Even now, a week after news of the achievement first flew around the globe, traces of astonishment linger in the air like a contrail. The landmark paper published late last week in the journal Nature confirmed what the headlines had been screaming for days: researchers at the Roslin Institute near Edinburgh, Scotland, had indeed pulled off what many experts thought might be a scientific impossibility. From a cell in an adult ewe’s mammary gland, embryologist Ian Wilmut and his colleagues managed to create a frisky lamb named Dolly (with apologies to Ms. Parton), scoring an advance in reproductive technology as unsettling as it was startling. Unlike offspring produced in the usual fashion, Dolly does not merely take after her biological mother. She is a carbon copy, a laboratory counterfeit so exact that she is in essence her mother’s identical twin.
What enabled the Scottish team to succeed where so many others have failed was a trick so ingenious, yet so simple, that any skilled laboratory technician should be able to master it–and therein lies both the beauty and the danger: once Wilmut and his colleagues figured out how to cross that biological barrier, they ensured that others would follow. And although the Roslin researchers had to struggle for more than 10 years to achieve their breakthrough, it took political and religious leaders around the world no time at all to grasp its import: if scientists can clone sheep, they can probably clone people too.
Without question, this exotic form of reproductive engineering could become an extremely useful tool. The ability to clone adult mammals, in particular, opens up myriad exciting possibilities, from propagating endangered animal species to producing replacement organs for transplant patients. Agriculture stands to benefit as well. Dairy farmers, for example, could clone their champion cows, making it possible to produce more milk from smaller herds. Sheep ranchers could do the same with their top lamb and wool producers.

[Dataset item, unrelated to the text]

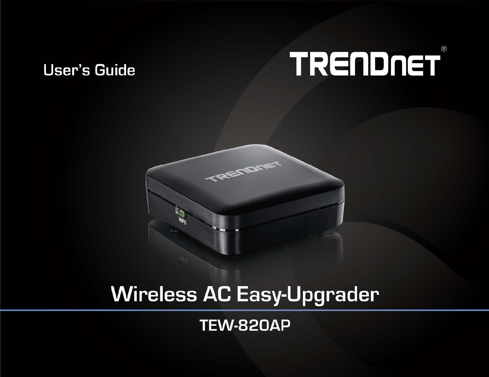 TEW-820AP TRENDnet User’s Guide Product Overview Features TRENDnet’s Wireless AC Easy-Upgrader, Model TEW-820AP, adds a Wireless AC network to a wireless or wired router. Simply plug the TEW820AP into ann available Ethernet port on the back of your existing router—and you’re done. For your convenience the Wireless AC network is setup and pre-encrypted out of the box.

But it’s also easy to imagine the technology being misused, and as news from Roslin spread, apocalyptic scenarios proliferated. Journalists wrote seriously about the possibility of virgin births, resurrecting the dead and women giving birth to themselves. On the front page of the New York Times, a cell biologist from Washington University in St. Louis, Missouri, named Ursula Goodenough quipped that if cloning were perfected, “there’d be no need for men.”
Scientists have long dreamed of doing what the Roslin team did. After all, if starfish and other invertebrates can practice asexual reproduction, why can’t it be extended to the rest of the animal kingdom? In the 1980s, developmental biologists at what is now Allegheny University of the Health Sciences came tantalizingly close. From the red blood cells of an adult frog, they raised a crop of lively tadpoles. These tadpoles were impressive creatures, remembers University of Minnesota cell biologist Robert McKinnell, who followed the work closely. “They swam and ate and developed beautiful eyes and hind limbs,” he says. But then, halfway through metamorphosis, they died.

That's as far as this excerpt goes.